И объектом этой пародии, вернее высокой пародии, скажем так, жанрового переосмысления является тоже совершенно конкретный фильм Шукшина «Печки-лавочки». Если вы всмотритесь, для Шукшина все вопросы стоят предельно серьёзно. Вот я сейчас пишу в «Русский пионер» о нём эссе, пытаясь понять, чем он мне так близок. Вот именно своей промежуточностью, трагической рефлексией по поводу своего промежуточного, неокончательного положения в культуре: не город и не деревня, не народ и не интеллигент. И из этого промежуточного положения больше видно, понимаете. Поэтому в России всегда в литературе о Русской революции так ценен образ провокатора, потому что он и не с убийцами из БО (боевой организации), и при этом не с убийцами из Охранки, а он как бы над всеми, он выше.
И вот над этим образом Шукшина, всерьёз рефлексирующим над своим положением (а «Печки-лавочки» именно про это — про этого героя, которых от одних отстал и к другим не пристал), над этим иронизирует, разбирая штампы новой постдеревенской культуры, Меньшов. Меньшов вообще мастер формы, прежде всего, и человек, который умудряется создавать ироническое кино из, казалось бы, жанровых абсолютно устоявшихся реалистических канонов.

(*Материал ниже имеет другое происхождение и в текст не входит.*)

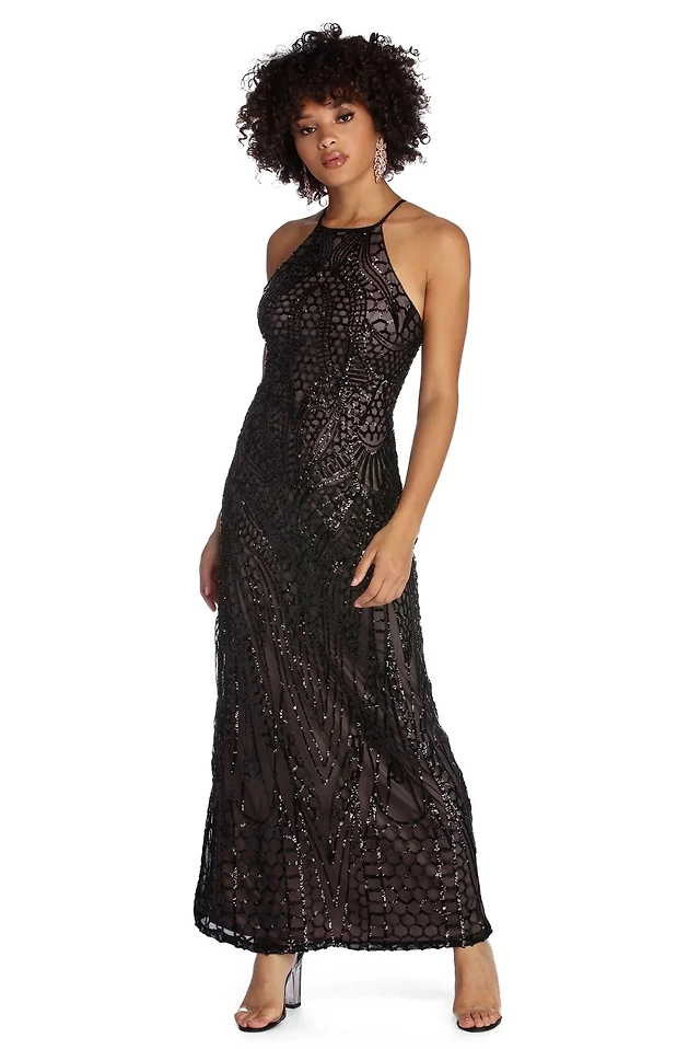 Jailene Formal Sequin Halter Dress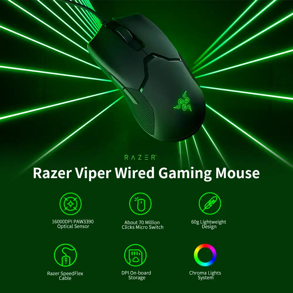 Razer Viper Wired Gaming Maus dpi Rgb Computer Mause Paw3390 Optische Sensor 60g Leichte Speedflex Kabel Dpi Fur Pc Mause Aliexpress
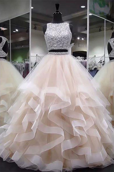 Two Pieces Prom Dresses, Wedding Reception Dresses, Beaded Prom Dresses, Party Dress, Dresses Gala, Evening Dresses, Party Dresses for Weddings

Поэтому рассматривайте «Ширли-мырли» как издевательство на stand-up comedy, над тогда уже возобладавшим утробным юмором, над народной комедией. Это пародия. И кстати говоря, как и многие пародии (скажем, как «Дон Кихот)», в финале там уже это переходит почти в сакральный текст. Когда они летят над Россией и все абсолютно оказываются принадлежащими к единому могучему роду Кроликовых — в этом есть даже какое-то до слёз доводящее величие.